The term disgusts me. I didn't want to think of myself that way. I wasn't a choice, to begin with, when I was born. It was a forbidden love, and I'm the result of it. 

I close my eyes and still embrace a man who simultaneously kicks him again or ponce on him. Not only am I scared of him learning of my gender, but what will happen if he learns where my heritage comes from? 

What will he think of me then?

I move as I push myself away from Seth and turn away, not to look into his eyes. "Seth, I'm tired. It's been a long trip." That's a lie because tonight, I'm supposed to meet Ghost and dress up for the auction. 

"Okay, you will feel better in the morning," he states while his hands are still rubbing my back. The feeling of him touching me soothes me. 

"Thank you," I whisper. He nods and walks out of my room before closing it. After he's gone, I lock it, lean back, and tilt my head up. 

I exhale. 

I can't let Seth know who I'm meeting and where I'm going. My business is no concern for him. It's dangerous for him to know. I have to excuse myself so I can sneak my way out. 

A chime from my phone alerts me. I went to bed and looked at the screen to see Ghost's text that he would meet me at the auction entrance. 

I form a grin as I text him that I will meet him in an hour. I grab the dress, punch the code, and pull out the two boxes. I stop by the door and place my ear to hear the TV on in the living room. I returned to my duffle bag to grab my equipment and leave the room without being seen. 

I went to the bathroom to change into my outfit for tonight. I was once finished with my dress and make-up. I lift my left leg on the bed to strap my knife around my thigh while a mini pistol on the other. I wear the jewelry with unique devices like my pearl earrings that will record any voices within range, a hidden camera in my necklace, and my ring that contains deadly poison darts to take down anyone. 

I glance at the window as the sun goes down, and my phone chimes.

Ghost: I'm here. Where are you?

Me: Almost there.

Ghost: You girls sure take your time.

Besides Odin and Kendall. My team contains a few trusted men who are informed of my gender. They are kept secret. Unless they reveal my identity, they will be severely punished under the order of Odin. 

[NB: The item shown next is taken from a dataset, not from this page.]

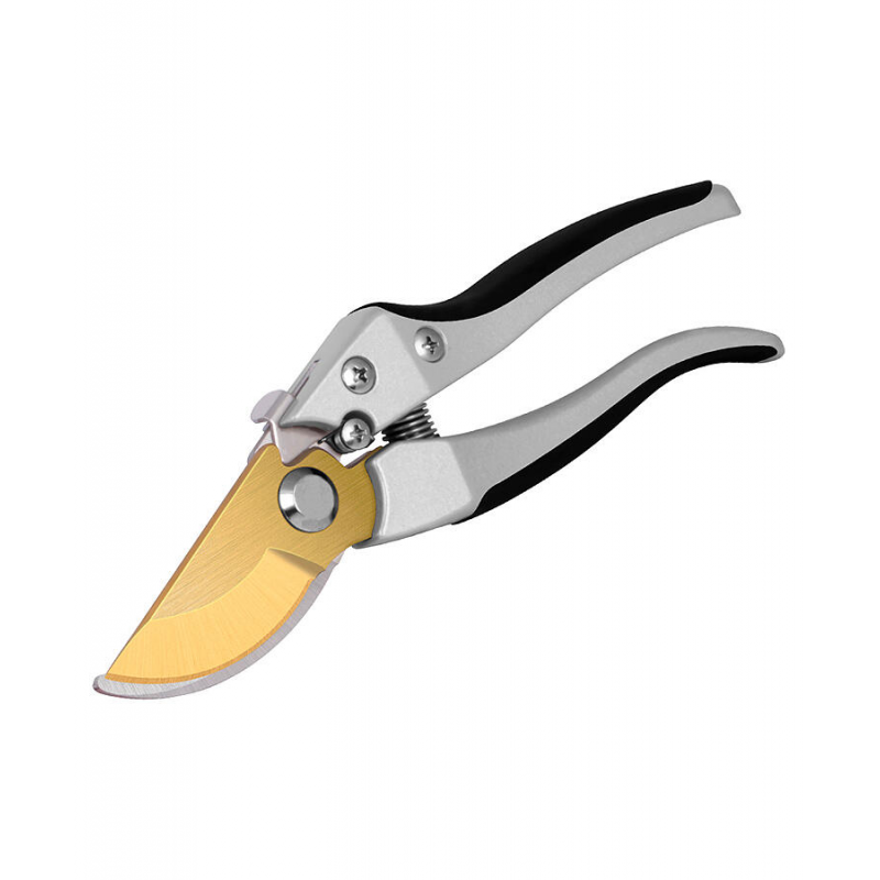 Секатор ЦИ Titanium 1381 плоскостной. Максимальный диаметр реза: 18 мм. Общая длина: 20 см. Храповый механизм. Рычажный привод. Материал рукояти: алюминий. Материал рабочей части: сталь с титановым покрытием. Вес: 350 г.

Me: Stop whining. I'll be there. 

I grab my purse and stop at the door. Seth has been quiet for a while, and I'm getting worried. Not to bother and check on him. I opened the window and saw how high I was. I'm not concerned with being so high. I strap a belt and push a button that shoots out a hook. It ropes around the edge of the rail. I turn with my back facing the world, close my eyes, say a short prayer, spread my arms, and let myself fall backward.